TJCTF 2025: crypto/double-trouble

Twice the encryption, half the security.

Author: tmm

We’re given some ciphertext and the source code that genrated it.

7125383e330c692c75e0ee0886ec7779
9ecba853742db726fb39e748a0c5cfd06b682c8f15be13bc8ba2b2304897eca2

from Crypto.Cipher import AES
from Crypto.Util.Padding import pad
import random

def gen():
    myrandom = random.Random(42)
    k1 = myrandom.randbytes(8)
    choices = list(myrandom.randbytes(6))
    k2 = b''
    for _ in range(8):
        k2 += bytes([ choices[random.randint(0, 3)] ])
    return k1, k2

def enc(data, k1, k2,  k3, k4):
    key1 = k1+k2
    cipher = AES.new(key1, mode=AES.MODE_ECB)
    ct1 = cipher.encrypt(pad(data, 16))

    key2 = k4+k3
    cipher = AES.new(key2, mode=AES.MODE_ECB)
    ct2 = cipher.encrypt(ct1)
    return ct2

k1, k2 = gen()
k3, k4 = gen()

pt = b"example"

with open('flag.txt') as f:
    flag = f.read().encode()

with open('out.txt', "w") as f:
    f.write(enc(pt, k1, k2, k3, k4).hex())
    f.write("\n")
    f.write(enc(flag, k1, k2, k3, k4).hex())

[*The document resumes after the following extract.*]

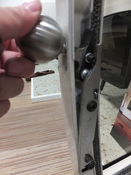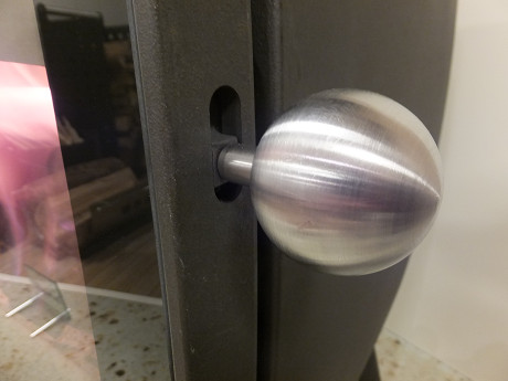 9月に発売された最新モデルのドブレのヴィンテージはさらに一歩進んだ開閉方式だ。車のドアのように閉めてもきちんとショックを吸収しつつ確実に扉がロックしてくれるようになっている。やさしく手で押さえるように閉めてもいいけれども、動画のように投げるように扉を押してやっても大丈夫なのだ。これは回転式のレバー方式とは比較にならない便利さだ。薪を投入した後に扉が上手くしまらなくてあれこれ試行錯誤する苦労から開放される画期的な仕組みだ。これまでこのように車のドアのように扱える薪ストーブがあっただろうか?

A gen function is used to generate two 8-byte key parts, and an enc function encrypts a plaintext twice (using AES ECB), using 4 of the key parts.

Crucially, we’re actually given two ciphertexts, one with the known plaintext b"example", the other being the flag.

Hence, we can employ a meet-in-the-middle attack. If the keys are actually random though, this isn’t practical (we’d be doing $2^{129}$ operations), so let’s look at gen…

First, gen uses a PRNG seeded with a constant to generate the first 8-byte key:

myrandom = random.Random(42)
k1 = myrandom.randbytes(8)

…Which means the k1 and k3 passed to enc are always the same, and we can trivially generate them. This cuts the bits in half, bringing us down to $2^{65}$, assuming the second part is ideal.

Which, well, it isn’t. The second key part is generated by concatenating 8 random… choices among 4 constant (generated by the seeded PRNG) bytes:

choices = list(myrandom.randbytes(6))
k2 = b''
for _ in range(8):
    k2 += bytes([ choices[random.randint(0, 3)] ])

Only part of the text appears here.